Table 5. Summary of Treatment-Emergent Signs and Symptoms in ≥1% of Gabapentin- Treated Patients in Neuropathic Pain Placebo-Controlled Studies:

Post-Marketing Experience

The following adverse events have been reported in patients receiving gabapentin postmarketing, however, the data are insufficient to support an estimate of their incidence or to establish causation.
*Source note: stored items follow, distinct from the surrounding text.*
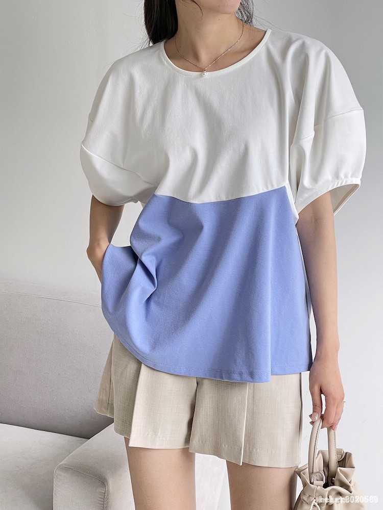 배색벌룬 티
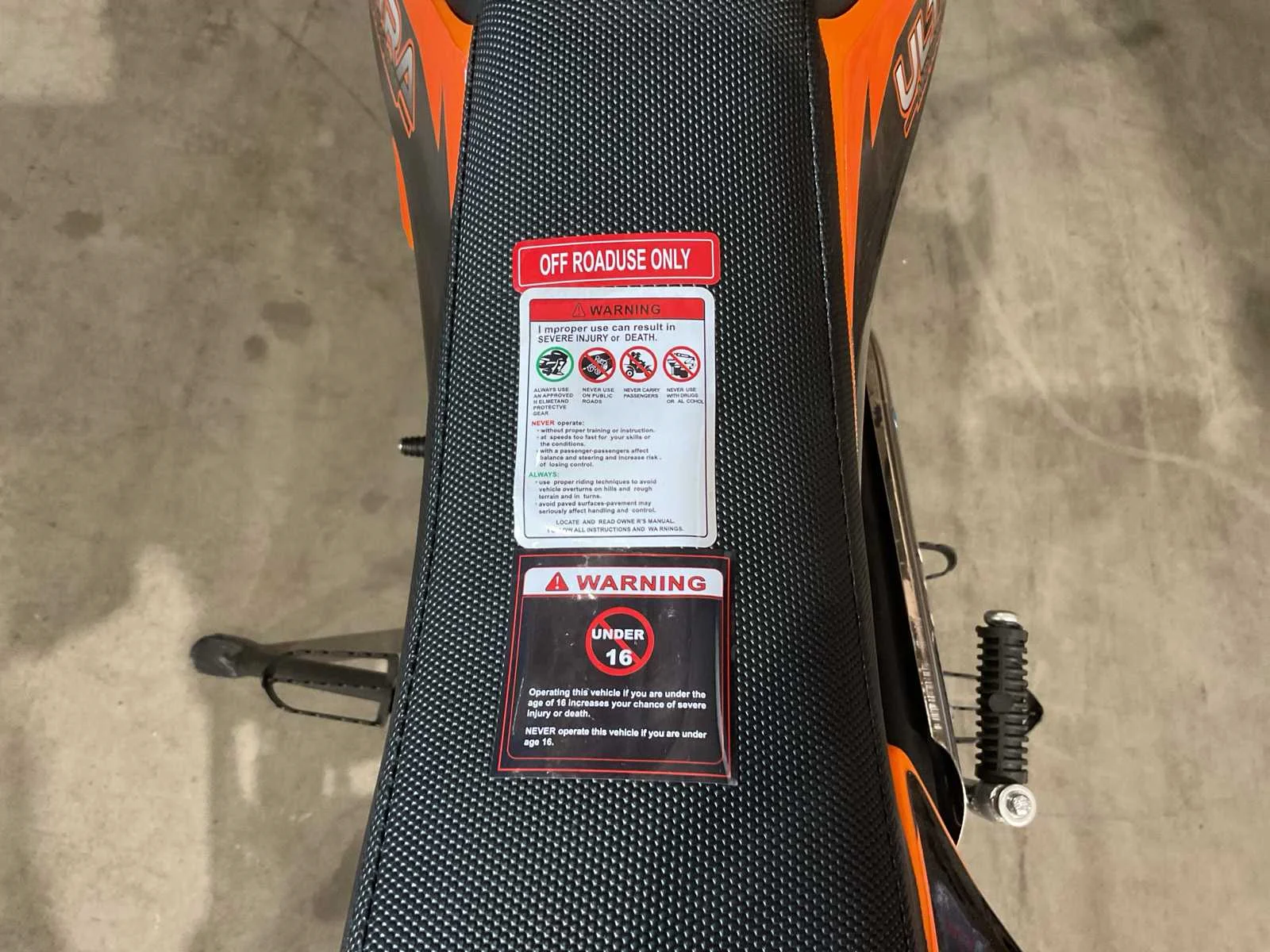 Voorzien van 110cc motor; Manuele koppeling; kickstart; Wiel/velg: V: 90/100-14 (14") A: 70/100-17 (17"); Hydraulische schijfrem; olieschokdemper; Enkele stalen uitlaatpijp; Maximale snelheid: 70 km/u; Ongebruikt in doos (Transport verpakking: 1295 x 375 x 620 mm 75kg) Merk: Ultra Motocross Model: DB001 OR Type: 110CC Cilinderinhoud: 110cc Gewicht: 68kg Kleur: Oranje zwarte zadel Transmissie: Manuele Bouwjaar: 2025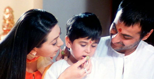 Nandini (Karisma Kapoor) vit au Canada où, orpheline, elle a grandi entourée de l’affection de ses oncles ; elle se marie avec son ami de longue date, Shekhar (Sanjay Kapoor). Raja naît bientôt et la petite famille vit très heureuse.

Sudden, unexplained deaths have been reported where a causal relationship to treatment with gabapentin has not been established. Additional post-marketing adverse events reported include blood creatine phosphokinase increased, rhabdomyolysis, abnormal liver function, acute kidney failure, agitation, allergic reaction including urticaria, alopecia, anaphylaxis, anaemia, angioedema, hyperglycemia and hypoglycemia (most often observed in patients with diabetes), breast hypertrophy, gynaecomastia, cardiac arrest, chest pain, convulsions, depersonalisation, drug rash with eosinophilia and systemic symptoms, erythema multiforme, fall, hypersensitivity including systemic reactions, hyponatraemia, jaundice, loss of consciousness, movement disorders such as choreoathetosis, dyskinesia and dystonia, myoclonus, palpitation, pancreatitis, renal impairment, speech disorder, sexual dysfunction (including changes in libido, ejaculation disorders and anorgasmia), Stevens- Johnson syndrome, tachycardia, thrombocytopenia, tinnitus, urinary incontinence and symptoms of psychosis such as delusions, hallucinations, and thinking abnormal.

Generalised oedema, hepatitis, hypotension, neuropathy/peripheral neuropathy and syncope have been rarely reported.

Adverse events following the abrupt discontinuation of gabapentin have also been reported. The most frequently reported events were anxiety, insomnia, nausea, pain, and sweating.

Some cases of hypomania have been reported after commencement of gabapentin. In each case, other anti-convulsants had been used concurrently, and symptoms of hypomania resolved following a reduction in dosage or cessation of the drug.

Reporting suspected Adverse Effects

Reporting suspected adverse reactions after registration of the medicinal product is important. It allows continued monitoring of the benefit-risk balance of the medicinal product. Healthcare professionals are asked to report any suspected adverse reactions at www.tga.gov.au/reportingproblems.

Incompatibilities were either not assessed or not identified as part of the registration of this medicine.